Белый конь на белом снегу | страница 14



Еще когда он начинал учеником у Костюченко, как-то случайно у них разговор зашел: не обременительно, мол, тебе, знаменитому Костюченко, возиться со мной, время на меня расходовать. Костюченко сказал:

— Не тот впереди, кто обогнал, а тот, что за собой другого тянет. На этом, брат, стоим.

...Работал. Думал. Это его идея, Шеховцова, была создать в цехе школу передового опыта. Стал в ней первым педагогом и негласным директором.

...Вечером он выносит на руках Зину во двор, в скверик, садится рядом с ней и рассказывает ей про сегодняшний трудный день, про Чекоданова, Минакова и других своих учеников. А Зина тихо смеется и говорит:

— Хорошо, что ты добрый, Григорич. И красивый.

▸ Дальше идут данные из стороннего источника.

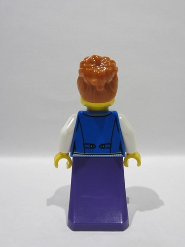 lego 2025 mini figurine bdp197 Wild West Train Passenger Female, Blue Vest, Dark Purple Skirt, Dark Orange Hair with Bun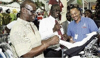 Above: Mayor of Kingston Desmond McKenzie (left) points out the features of a shirt to Senator Dwight Nelson, Minister of National Security, and Christopher Barnes, The Gleaner's deputy managing director. The three were taking part in Wednesday's 'Christmas in the City: Downtown Comes Alive' shopping spree. They were at Ammar's on King Street.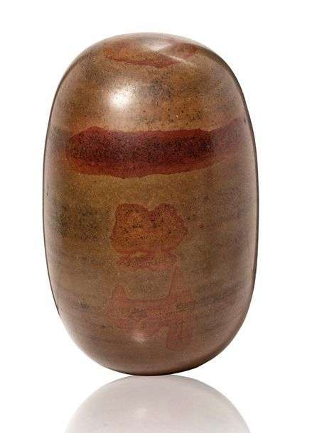 Lingam ovoïde en pierre veinée brun-vert et rouille.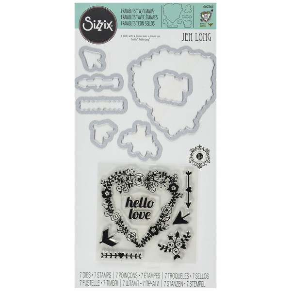 Sizzix Framelits Die Set with Stamps Hello Love by Jen Long (7 Pack)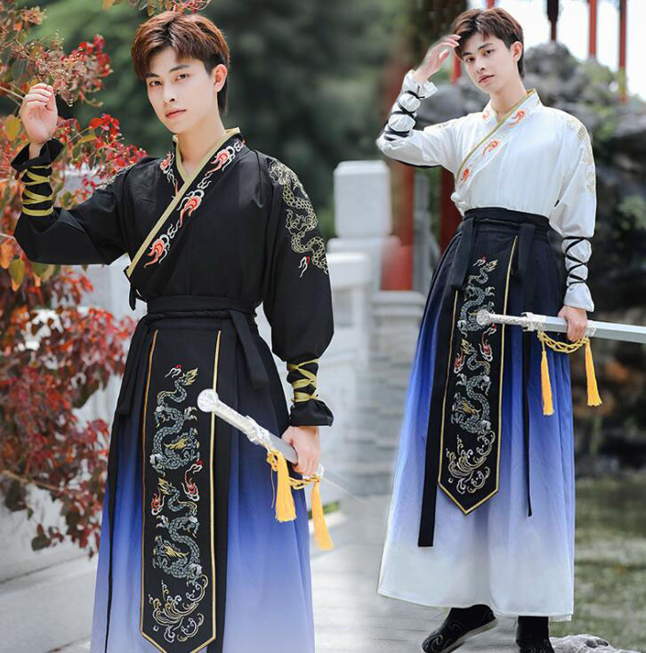 ハロウィーン イベント 学園祭 中華服 グラデーション チャイナ服 メンズ 漢服 カンフー衣装 大人 華流コスチューム 仮装 変装 交差 おしゃれ チャイナドレス 中華コスプレ衣装
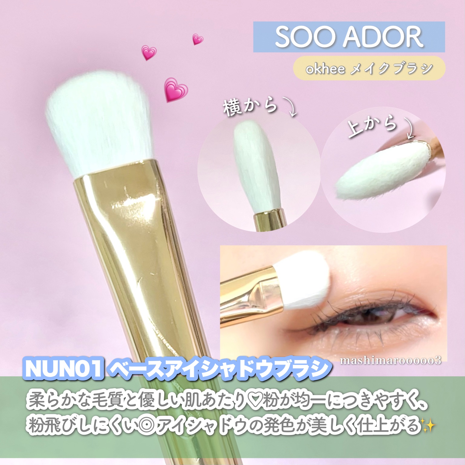 SOOADORokheeスペシャルメイクブラシ✧••✧メイクアップアーティスト「ソオク先生」プロデュース✨okheeNUN01ベースアイシャドウブラシ・柔らかな毛質→アイシャドウの発色を美しく仕上げる・粉が均一につきやすく、粉飛びしにくい✨o...

— Скажешь тоже, — смущается Шеховцов.

А он и правда красивый человек: брови вразлет, глаза ослепительной голубизны. Когда его наградили орденом Ленина, жена сказала:

— Я теперь долго жить буду. Мне силы прибыло. Ты, Григорич, еще и Героем станешь. Ты ж у меня орел.

— Какой там я орел‚— засмеялся Шеховцов. — Помнишь, когда после войны сватался к тебе, ты что сказала: росточком, мол, не вышел.

— Разве же в этом дело...

Смеркалось. Был теплый вечер. Тополиная метель струилась по мостовой. Пахло липовым цветом. Запомнился навсегда тот вечер Шеховнову. Мимо шумных стаек детей, мимо любопытных бабок на скамейках у подъездов, мимо спешащих в кино и просто так гуляющих он нес на руках свою жену, закутанную в одеяло...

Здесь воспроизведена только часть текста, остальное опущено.